Find furthest distance on WGS84 ellipsoid between sample points

The geosphere package provides more options for distance calculation if that's needed. See ?spDists in sp for the details used here.

You don't tell us whether these points will be located in a sufficiently small part of the globe. For truly global sets of points, my first guess would be running a naive O(n^2) algorithm, possibly getting performance boost with some spatial indexing (R*-trees, octal-trees etc.). The idea is to pre-generate an n*(n-1) list of the triangle in the distance matrix and feed it in chunks to a fast distance library to minimize I/O and process churn. Haversine is fine, you could also do it with Vincenty's method (the greatest contributor to running time is quadratic complexity, not the (fixed number of) iterations in Vincenty's formula). As a side note, in fact, you don't need R for this stuff.

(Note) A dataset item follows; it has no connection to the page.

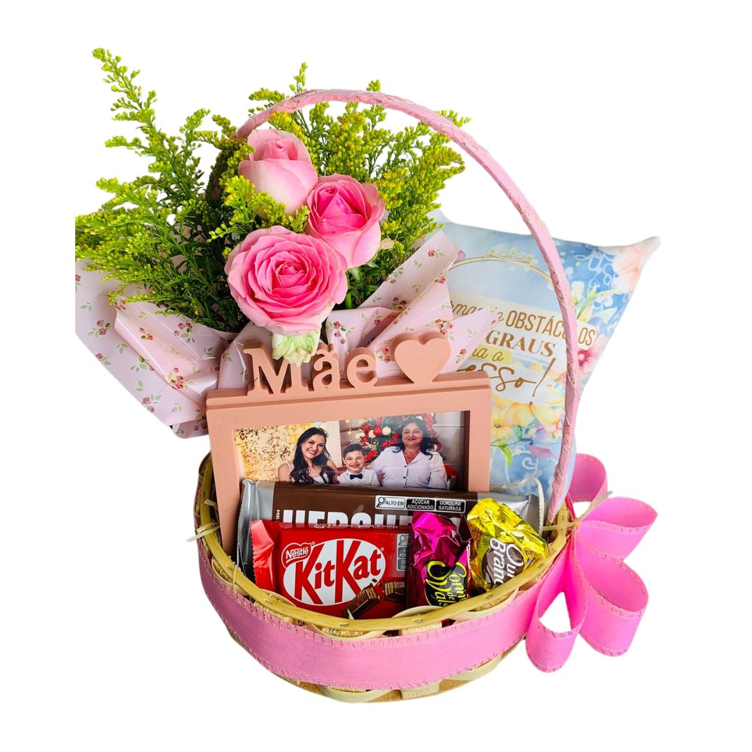 Cesta de Chocolates com um lindo arranjo composto por 3 rosas cor de rosa, almofada com dizeres motivacionais, porta retrato, barra de chocolate, Kit Kat e 2 bombons.

EDIT #2: The Barequet-Har-Peled algorithm (as pointed at by Spacedman in his reply) has O((n+1/(e^3))log(1/e)) complexity for e>0, and is worth exploring.

For the quasi-planar problem, this is known as "diameter of convex hull" and has three parts:

  1. Computing convex hull with Graham's scan which is O(n*log(n)) - in fact, one should try transforming points into a transverse Mercator projection (using the centroid of the points in data set).
  2. Finding antipodal points by Rotating Calipers algorithm - linear O(n).
  3. Finding the largest distance among all antipodal pairs - linear search, O(n).

The link with pseudo-code and discussion: http://fredfsh.com/2013/05/03/convex-hull-and-its-diameter/

See also the discussion on a related question here: https://gis.stackexchange.com/questions/17358/how-can-i-find-the-farthest-point-from-a-set-of-existing-points

EDIT: Spacedman's solution pointed me to the Malandain-Boissonnat algorithm (see the paper in pdf here). However, this is worse or the same as the bruteforce naive O(n^2) algorithm.